The seismic shift in Congress following the midterm elections will make or break the enactment of key regulations in the 2008 farm bill that could benefit both consumers and independent meat producers. At stake is whether the U.S. Department of Agriculture (USDA) will be allowed to implement a rule that limits the influence giant meatpackers exert over our meat supply.
The 2008 farm bill required new rules to interpret the meaning of “undue or reasonable preference” in the 1921 Packers and Stockyards Act. The USDA’s Grain Inspection, Packers and Stockyards Administration (GIPSA) finally released the proposed rules in June.
These rules would help end meatpackers’ discriminatory practices, such as paying higher prices for livestock from their preferred feeding operations than for livestock of comparable quality from independent producers.
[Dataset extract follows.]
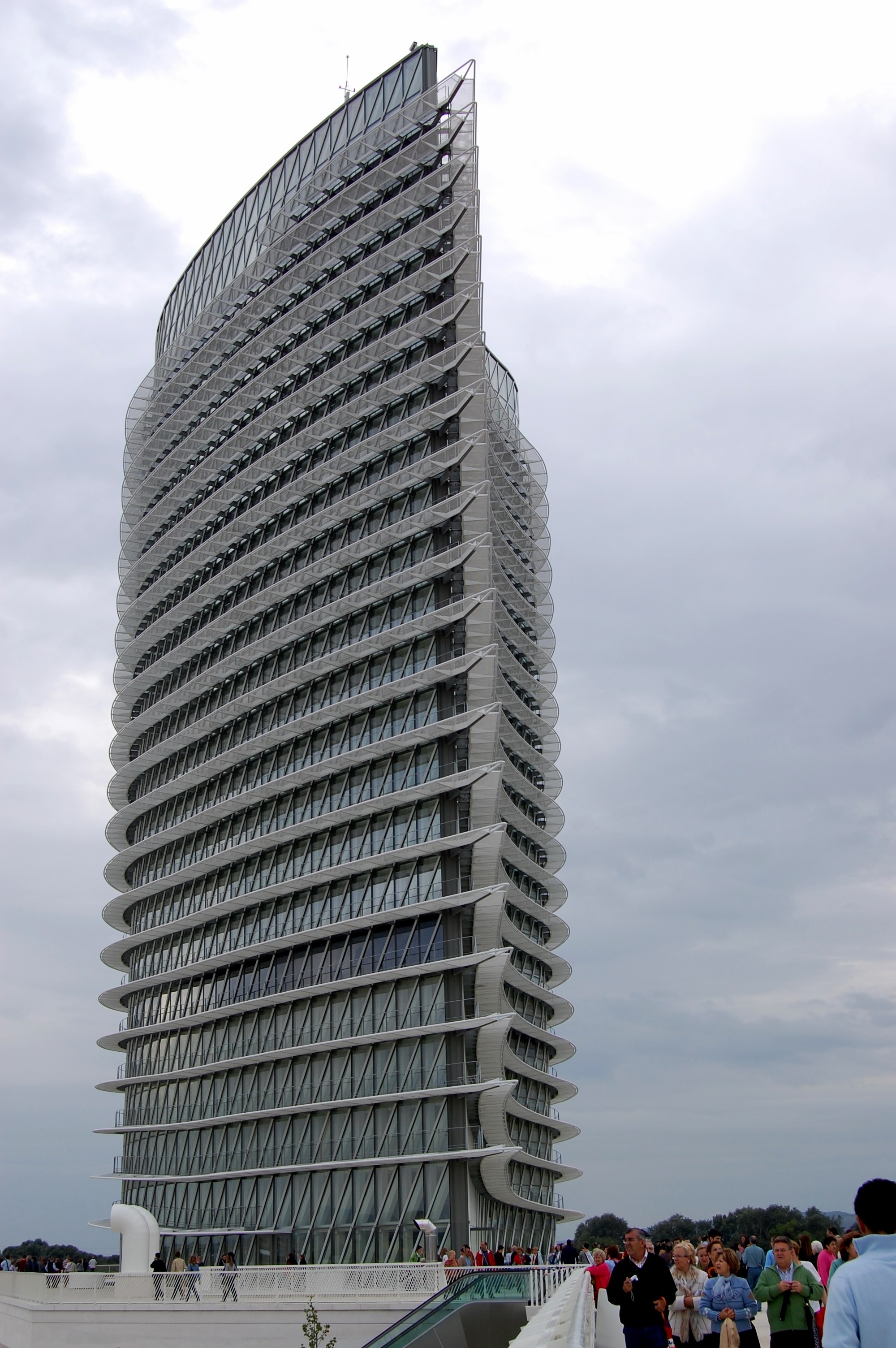워터 타워[3]는 2008년 엑스포의 또 다른 상징적인 건물이자 수직적인 아이콘이었다. 엔리케 데 테레사가 설계했으며, 높이 76m, 접근 가능한 면적은 10400m2이다. 최상층에는 사라고사의 멋진 전망을 감상할 수 있는 720m2 규모의 파노라마 바가 있다. 타워 내부에는 "우리 행성에 생명이 도래"를 나타내는 23m 높이의 조각품 ''스플래시''가 있다. 동적 시뮬레이션 시스템을 기반으로 한 스플래시 조각은 모나 김, 토드 팔머, 올가 수비로스, 사이먼 테일러가 Program Collective에서 설계했다.[4][5]

Furthermore, a producer harmed by a meatpacker’s action (e.g., unfair pricing) wouldn’t have to prove the action also harmed the entire industry before seeking protection under the Packers and Stockyards Act. This is the case under the current system.
Not surprisingly, the largest meatpackers are fighting the proposed rules in a big way. In August, they filled the room in the USDA-Department of Justice hearing on livestock concentration in Fort Collins, Colorado. Now they’re flooding USDA and Congress with scores of opposing comments and issuing industry-funded studies claiming these rules will raise consumer prices.
The current system hurts family farms and ranches, rural communities, the environment, and farmworkers. It also endangers consumer health. In addition to those increasingly frequent E. coli outbreaks, feeding operations (a.k.a. factory farms) depend on antibiotics to keep animals alive in unhealthy conditions–increasing human resistance to life-saving drugs.
The USDA’s effort to issue these new rules is the first opportunity in decades to rein in the meatpackers and make them play fairly. We have a unique opportunity right now to shift the power in this industry toward consumers and independent producers while setting the stage for fair farm and trade policies in the future.